Meeting my wife transformed my life. During a period of change, when everything at Newell’s was happening at such a fast pace, she gave me a platform of stability and calmness. In my late teenage years, having won the title, it would have been normal to get caught up in the moment. There were countless sources of temptation and we Newell’s boys felt like we owned the city.
*
In 1993 El Indio Solari was Newell’s coach. He was a very special guy and one day he got us all in for a meeting and said, ‘Lads, what would you think if we signed Maradona?’ Maradona was at Sevilla. I cracked up.
‘Maradona at Newell’s? Impossible!’
El Indio responded, ‘It could be a possibility. What would you think?’
‘What do you mean, what would we think? If Maradona comes here, we’ll die of excitement!’
&nb
sp; El Gringo Giusti was involved in the deal alongside fellow well-known agent Tota Rodríguez. The contract was signed nine months before the 1994 World Cup. El Gringo Giusti contacted many of the players saying, ‘Here is Diego’s number. He’d love you to call him.’ I was with Karina in my flat on the 13th floor in Córdoba, opposite the National Flag Memorial, but I had my doubts. ‘Should I call him or not? How can I phone Maradona? Bloody hell!’ I told Karina that when I moved to Rosario as a youngster, I lived in a very small apartment. There was a picture next to the bed, the only one that I had in the whole flat, and it was Maradona in 1986 lifting the World Cup. I always went to sleep with Maradona looking down on me. And now I had to ring him.
In the end, I said to myself, ‘I’ll call him.’
I nervously heard a ‘Hello?’
‘Yes, Diego, it’s Mauricio Pochettino, I’m going to be your teammate.’
‘Poche!’ I almost fainted when he called me Poche. ‘How are you doing, Poche? It’s so great to hear from you! I’m very grateful to you for phoning me, with me soon heading over there . . .’ I was speechless!
Diego arrived in Rosario and had his unveiling the following day. We all went to Newell’s stadium to wait for the big moment. There were about 40,000 people there. The ground was full and it was a dream-come-true.
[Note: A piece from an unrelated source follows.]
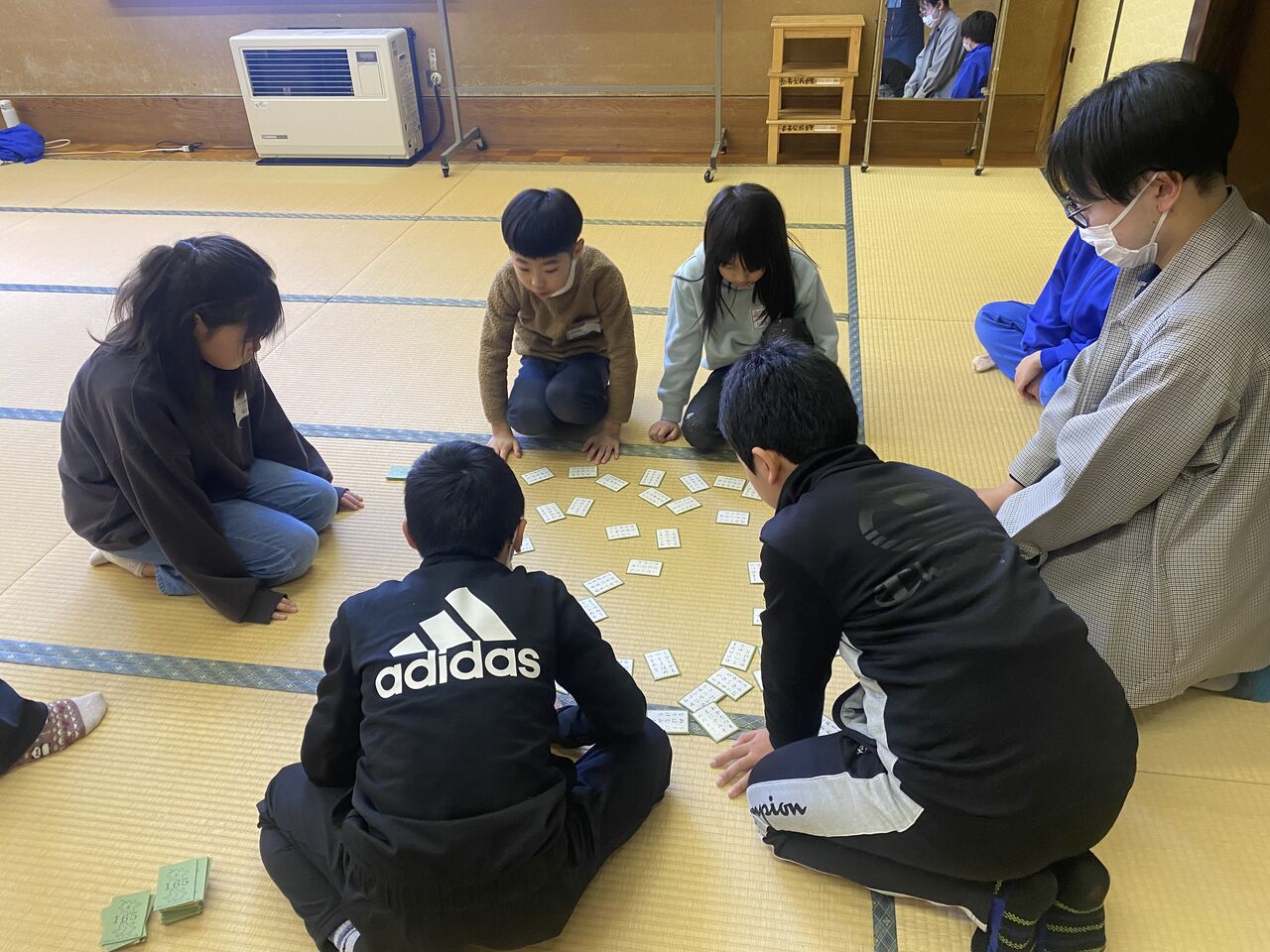 1/28(日)長者公民館で学習会プラスを行いました。今月は八戸工業大学第二高等学校かるた部顧問の和田先生と生徒さんにお越しいただき、競技かるたの実演を見せていただきました。「畳の上の格闘技」とも形容される競技かるたを見るのは初めてという子も多く、いつも賑やかな子どもたちも試合になるとおしゃべりをやめ、真剣に勝負の行方を見つめていました。競技かるたの実演の後は、「百人一首大会」と「八戸郷土かるた大会」を行いました。ご協力いただいた皆様、どうもありがとうございました。
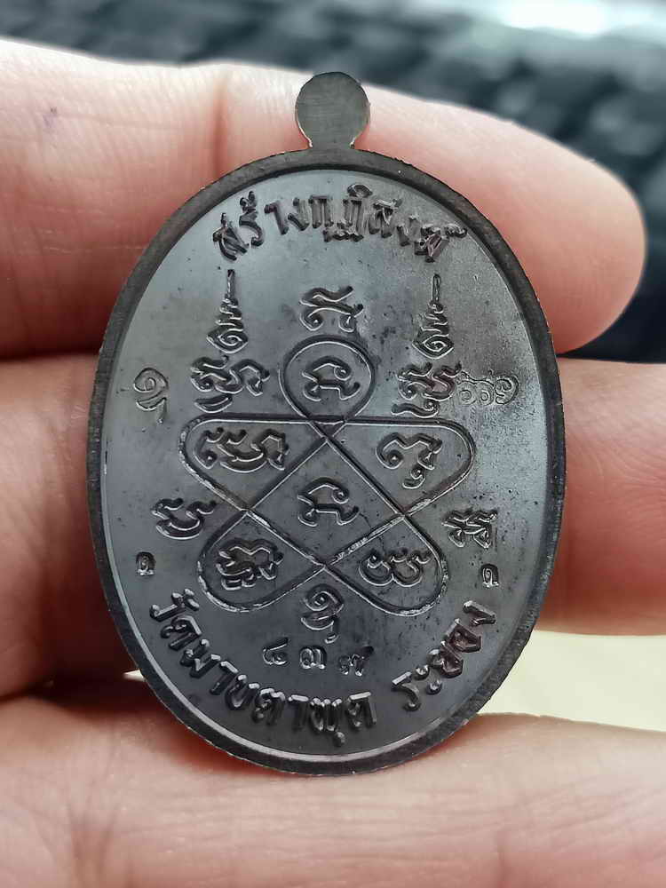 วัดใจ 100 เหรียญเจริญพร ขอบปล้องอ้อย หลวงพ่อรวย วัดมาบตะพุด จ.ระยอง 2566 ทองแดงรมดำ ลงยาจีวร หมายเลข 837 กล่องเดิม

We looked at him thinking, ‘No way is Maradona here with us.’
We didn’t have a gym at Newell’s, so we went to one on Calle Mendoza. Maradona would go there in the morning to use the treadmill and boost his strength. He trained very hard and then he’d join the group in the afternoon. It was a pleasure to train with him. He only wanted to be on the ball. He wasn’t about running. He was all about the game. He’d warm up on his own by grabbing a ball before even doing up his laces and kicking it about. It’s difficult to explain exactly what he would do, from the noise the ball made when his foot connected with it to his incredible control and the swerve that he could put on it. Afterwards, he’d eat some type of porridge and he’d go back to the gym on his own in the evening.